Analysis Will Help Target Efforts To Reduce Predation
- December 13, 2018
- John Harrison
It is no exaggeration to say millions of fish are killed by predators – birds, marine mammals, other fish – every year in the Columbia and Snake rivers, but it is at best a sophisticated guess as to how many fish are saved through efforts to reduce predation. This makes it difficult to know where efforts to reduce predation are most effective.
Fisheries scientists at the Columbia River InterTribal Fish Commission are working to improve the estimates of fish lost to predation, and that work could lead to improvements in controlling predation in the future. The goal is not to eliminate predators but to control them through “active management,” which “will keep predators at a level that is more in balance with the environment and reduce losses of Columbia River salmon and other native fish populations,” according to CRITFC’s guiding policy document, Wy-Kan-Ush-Mi Wa-Kish-Wit, or Spirit of the salmon.

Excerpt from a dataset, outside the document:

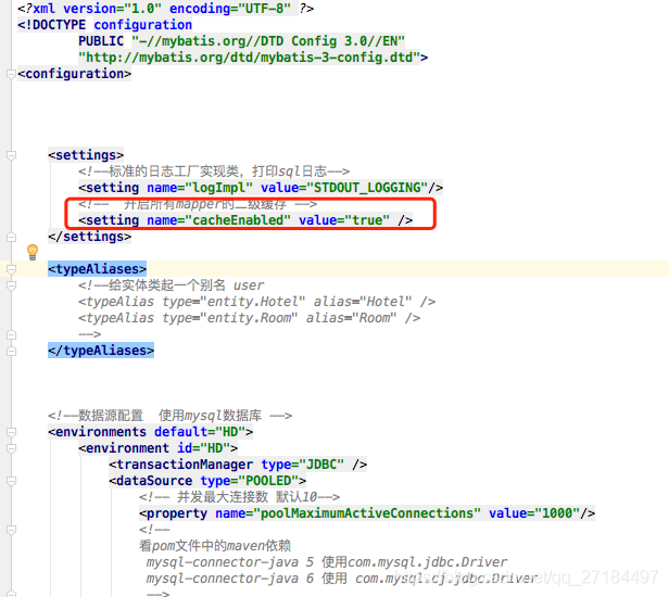二级缓存是全局的,也就是说;多个请求可以共用一个缓存,二级缓存需要手动开启,有2种方式配置二级缓存,

“We’re trying to come up with a common metric to measure predation,” Jaime Pinkham, CRITFC executive director, told the Council at its December meeting. Both Wy-Kan-Ush-Mi Wa-Kish-Wit and the Council’s 2014 Columbia River Basin Fish and Wildlife Program call for developing such a metric, which would allow comparisons to the effects of other factors that limit fish survival. This would help fish managers make better-informed decisions about how to manage predators, he said.

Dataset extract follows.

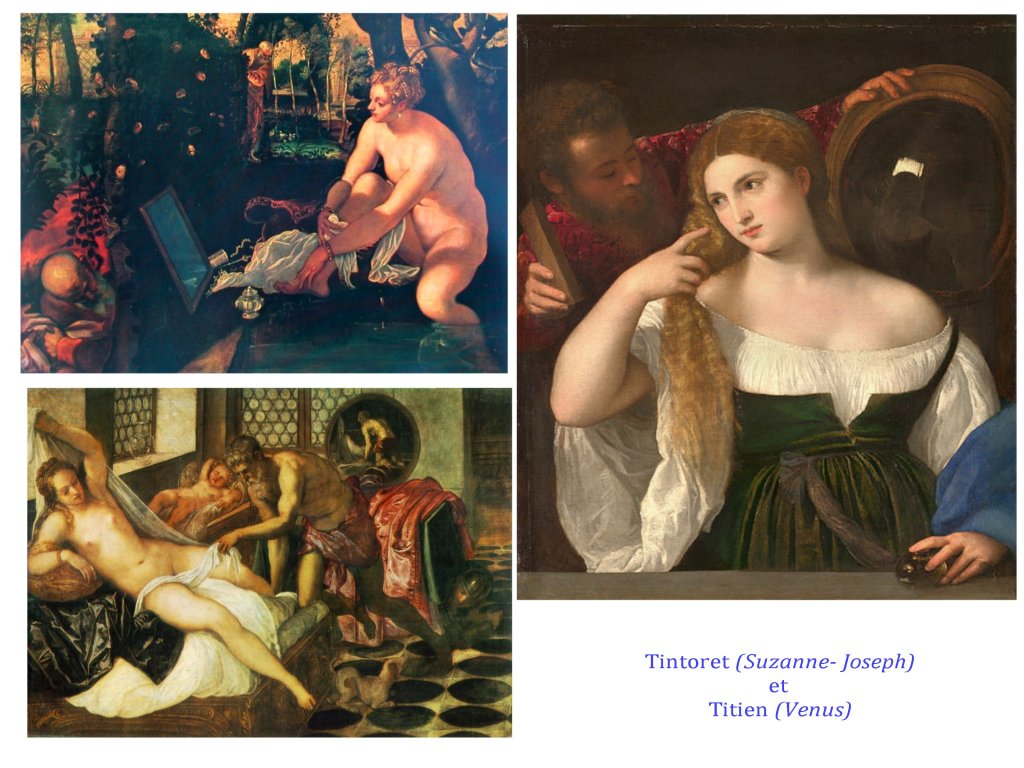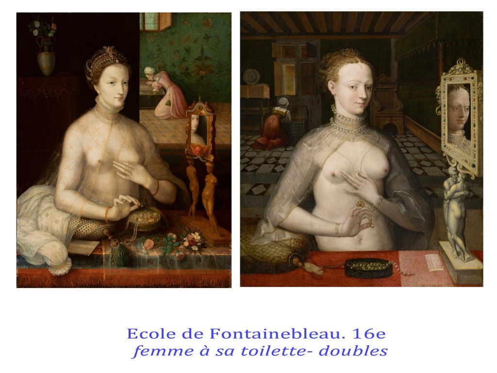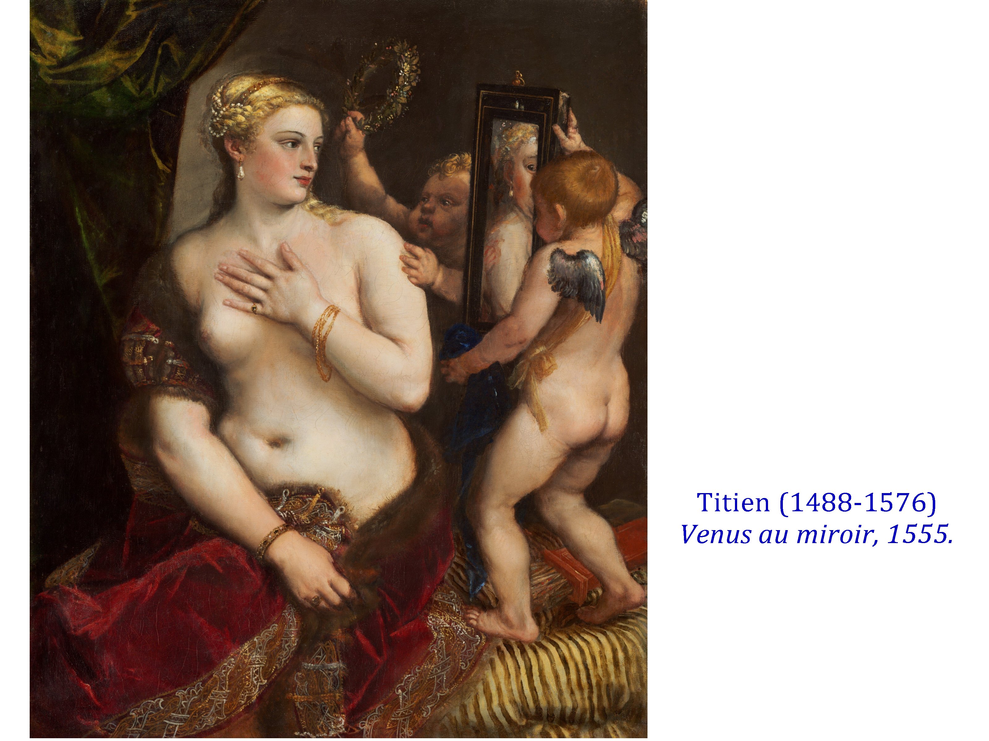 Les miroirs rectangulaires, à partir ( à peu près) de la Renaissance, ne sont plus, ces miroirs dits « de sorcière » convexe, en perspective panoramique et savante, agrandissant l’espace, mais des plans rectangulaires, véritables doubles des images peintes. Le miroir, avec la fenêtre, devient l’un des modèles absolus de la peinture, comme le théorise Vinci. Imiter le miroir est l’une des visées des peintres idéalistes de cette Renaissance désireux d’imiter au plus près le phénomène le plus spirituel qui soir, à savoir la lumière, la vue.

Pinkham said “well-intended laws and policies that have piled up over time” sometimes are contradictory regarding protecting and controlling species, and “at times predators have an upper edge.” These conflicts can split public opinion and make management decisions difficult, such as deciding how to manage one protected species that is killing another protected species – for example, protected sea lions killing ESA-listed salmon and steelhead. Recently, the plight of the declining population of southern resident killer whales in Puget Sound has garnered attention, as the whales feed on salmon when they leave the Sound for the ocean. Addressing predation on juvenile salmon in the rivers could mean more adult salmon for orcas in the ocean and help the population to rebound, he said.
Only a small percentage of the juvenile salmon and steelhead that migrate to the ocean each year return several years later as adults to spawn. They are subject to “a gauntlet of mortality events” in the river and the ocean, both on the outbound journey and on the return, said CRITFC fisheries scientist Blaine Parker.

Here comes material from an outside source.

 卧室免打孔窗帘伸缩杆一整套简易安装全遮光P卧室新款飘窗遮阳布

“Mitigating that mortality at different life stages makes it difficult to quantify directly into adult returns; what impacts what and where, and how do you relate that to returning adults?” he asked. “Which is better: saving five returning adults or saving 100 juveniles?” he asked.
Because fish are exposed to more than one kind of predation – juvenile fish can be lost to disease or eaten by pikeminnows, birds, and harbor seals, for example – scientists cannot assume the effects of multiple types of predation are additive during the fish life cycle, CRITFC fisheries scientist Robert Lessard said. In fact, it is difficult to say which predation effects claim the most fish.
“It would be useful to put predation at various life stages into a general context. It is the million-dollar question,” Lessard said. “Where are our efforts paying off?”
Put another way, how many of the adult salmon and steelhead that return to spawning grounds or hatcheries are alive because along the way their exposure to predation was reduced?
It’s not a simple question to answer. One reason why is that predation mortality can be offset by other types of mortality in the same or a different life stage. This is called compensatory mortality, or compensation. For example, a predator might eat an injured or weak fish that would have died from some other cause anyway. Lessard said the model CRITFC is working on, called an adult equivalent analysis, will allow a comparison of actions to reduce predation at different life stages. The analysis expands life-cycle models that currently are available for single populations to a larger scale, estimates the effects of compensation, and assumes that the number of fish in the mainstem rivers does not affect survival the way density or crowding can affect survival of some species in the spawning and rearing habitat.
The analysis is a work in progress, as more assumptions need to be incorporated to better understand how specific reductions in predation might affect fish survival. For now, Hatch said, the work to reduce predation wherever it occurs continues. He said CRITFC supports legislative changes to the Migratory Bird Treaty Act and Marine Mammal Protection Act to address predation among protected species (protected Caspian terns eating protected salmon and steelhead smolts, for example); reviewing and perhaps rolling back protections for non-native fish, such as Smallmouth Bass and Walleye, in salmon-bearing waters; funding sea lion removal and monitoring the results; and expanding research by NOAA Fisheries on sea lion predation on spring Chinook salmon in the Columbia River estuary to all fish runs impacted by the marine mammals.